Les nouveautés

Après C’était en février de Mireille Barbieri, paraît, en septembre, À l’encre violette

À l’encre violette

Mireille Barbieri

Collection main de femme

Parution : septembre 2017

Il y a le voyage qui vous amène et celui qui vous emporte. Celui de l’exil est toujours l’un et l’autre. Il vous pose ici et vous a fait quitter là-bas. Généralement sans retour, il ferme une porte pour en ouvrir une autre devant laquelle va se construire un nouveau monde, une nouvelle vie. Dans ce roman, la narratrice écrit à l’encre violette le parcours d’exil de deux femmes. Ce faisant, elle se reconstruit et finit par livrer sa propre histoire. Le plus troublant est qu’elle réveille en chacun de nous un exil que nous ignorions, ou presque.
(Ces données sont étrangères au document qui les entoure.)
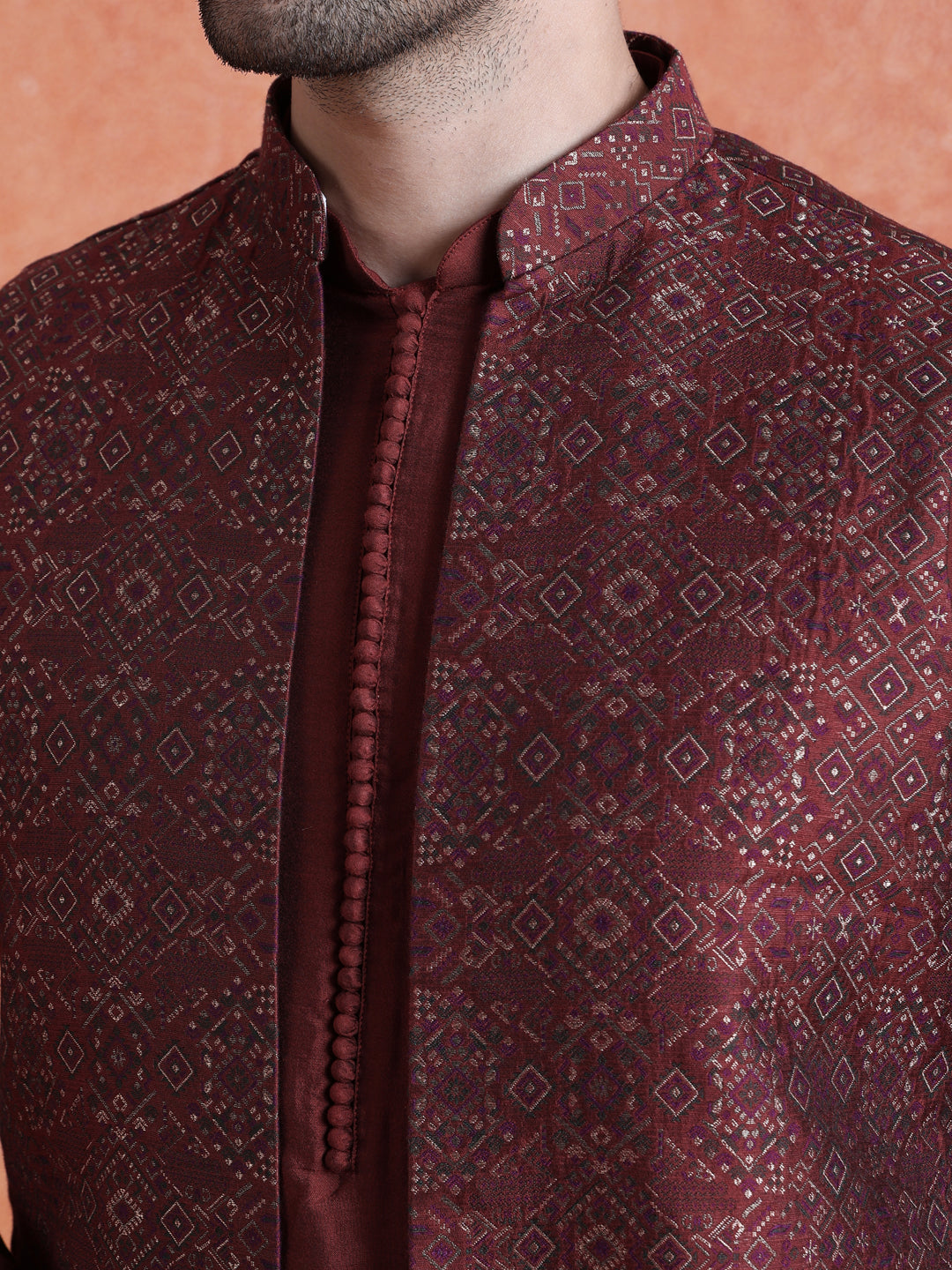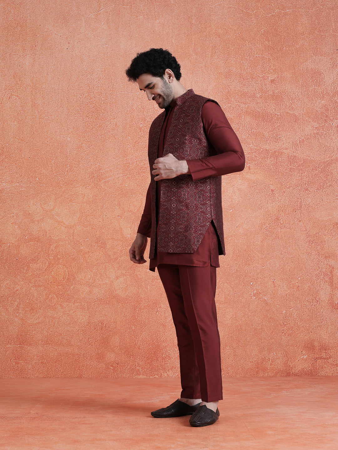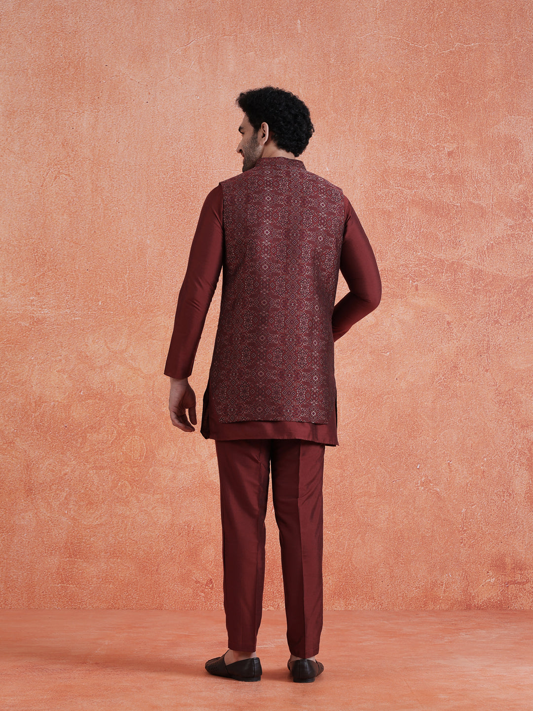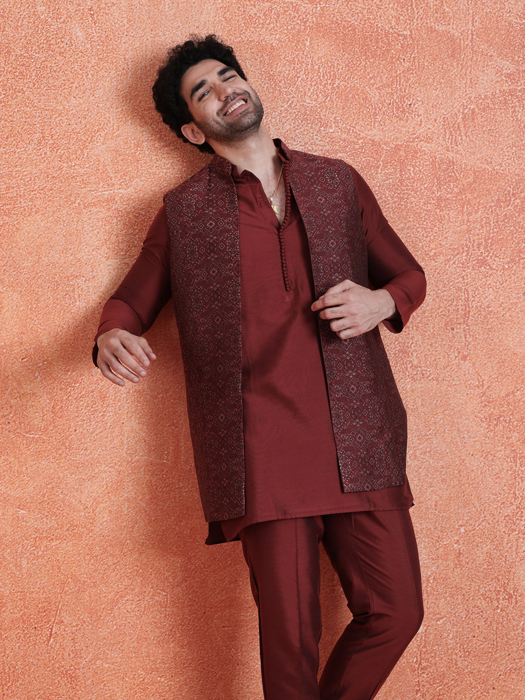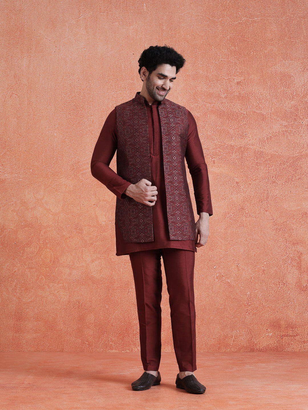 Maroon Silk Blend Mid Kurta Front Open Long Jacket Trouser Set with Jacquard pattern, perfect for weddings and festive occasions.

À lire et à écouter en août : Il s’appelait Alphonse Richard, le premier Dignois tué à la Grande Guerre

Il s’appelait Alphonse Richard, le premier Dignois tué à la Grande Guerre

Éric Schulthess

Collection la mescla (petit format)

Parution : août 2017

Il ne reste ni photographie ni sépulture connue du caporal Alphonse Antoine Richard, né en 1890 et premier natif de Digne à mourir à la guerre de 1914-1918 à l’âge de 24 ans.
Comme celle de millions de jeunes hommes de sa génération dans chaque camp, sa vie ne dura guère plus que deux décennies, pour s’achever sur un champ de bataille.
Ce récit imagine et raconte les 14 derniers jours de la vie du jeune Bas-Alpin, auquel les Dignois ont rendu hommage le 14 août  2014 pour le centenaire de sa mort. Si vous voulez en savoir plus, une rue de Digne porte son nom. Une rue qui, si on prend la peine de l’écouter, raconte l’histoire d’Alphonse Richard.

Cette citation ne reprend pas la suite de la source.